How does one stumble upon productive thoughts about implementing a project and find potential collaborators? Two key loci are DH Answers, which runs both a forum and a Twitter account, and the DiRT wiki—Digital Research Tools, now hosted by Project Bamboo. If you’re interested in a particular piece of software, there’s a good chance that fellow scholars have blogged their uses of it, and reading about their uses or disappointments may save you valuable time in deciding which tools you need most to become familiar with. Get your students involved, not to do the work for you (which some people seem to think is ideal) but to furnish ongoing accountability for your project, so that the project keeps moving. Publish to the web and make your work free to access, to grant it a wider distribution. You can link to a website until the proverbial cows come home; you cannot actually give away free books to encourage readership—much though I like codices—because people won’t take them. For that matter, websites have the ineluctable advantage of not requiring either a print run or a supply chain. MTPO isn’t the most frequented site, partly because it focuses upon a single writer and isn’t a major hub; nonetheless, MTPO pulls down between 1500 and 2000 visitors per month on basically zero advertising.

One thing not to worry about: whether editions are hot enough, and in particular whether you, in pursuing a digital project, are undertaking the right kind of work in terms of anticipated external rewards. Only in retrospect, as Stephen Ramsay observes in a recently posted talk titled “The Hot Thing,” is it possible to discern that one chose “correctly” and got lucky in aligning zeitgeist with personal strengths and interests. It is always the right time to edit a text, precisely because it is never the right time.… And though Natalia Cecire rightly critiques the rhetoric of doing things “hands on” in the digital humanities and finds flaws in its implied recapitulation of contingent labor, it seems to me that doing work in this fair field full of folk is a solid way to participate in what is happening, to shape it, and thus to effect change.

Here are some things to consider if you aren’t only working on a contained exercise for yourself; ideally, as I said, you’ve chosen a text that you like to teach so that the pedagogical aspects of creating and using a digital edition may be shared with your students as well. (This is the part where I attempt to demystify one possible planning workflow.)

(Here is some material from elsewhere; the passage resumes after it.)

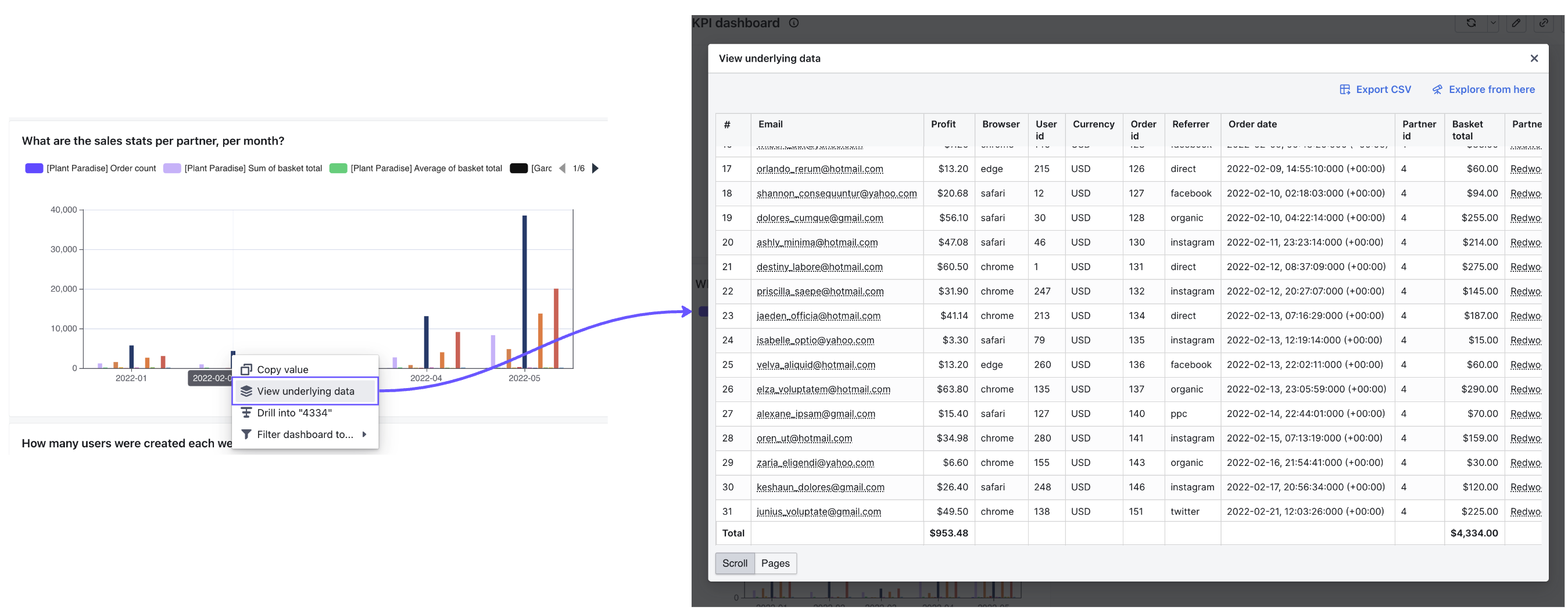You can click on any point on a chart and view the records which make up that data point. For example, I can find out what the underlying data is for the $4,334.0 in myWhat are the sales stats per partner, per month? chart, by clicking on the bar for that month, and then clicking View underlying data in the action menu. I’d see all of the rows in the underlying table that make up that total.

First, for whom is this edition most useful? How much help do you want to offer to readers? Are you shaping its mise en page and annotation specifically for undergraduates, or is this something for fellow researchers and thus equipped with more textual notes than explanatory ones? Do you expect a reader to be able to cite or link to specific moments in the text, or will they have to settle for a link to the text’s landing page? It’s common to say that an edition is intended for all readers—access open to everyone!—but it can be difficult to provide editorial support for all potential levels of familiarity with a text’s context without overwhelming and obscuring the text itself. In some ways this is less about anticipated readership and more an issue of interface. How will you convey information clearly? And in a related issue, if you’ve never dealt much with interface design, spend a bit of time looking at existing sites and portals, to figure out what works and doesn’t. Ideally, buy someone lunch (or better) in exchange for their honest feedback on your design. There are best practices for design and “user experience” (UX) as well; even I don’t think that one needs to become an expert in everything, but becoming acquainted can only help you.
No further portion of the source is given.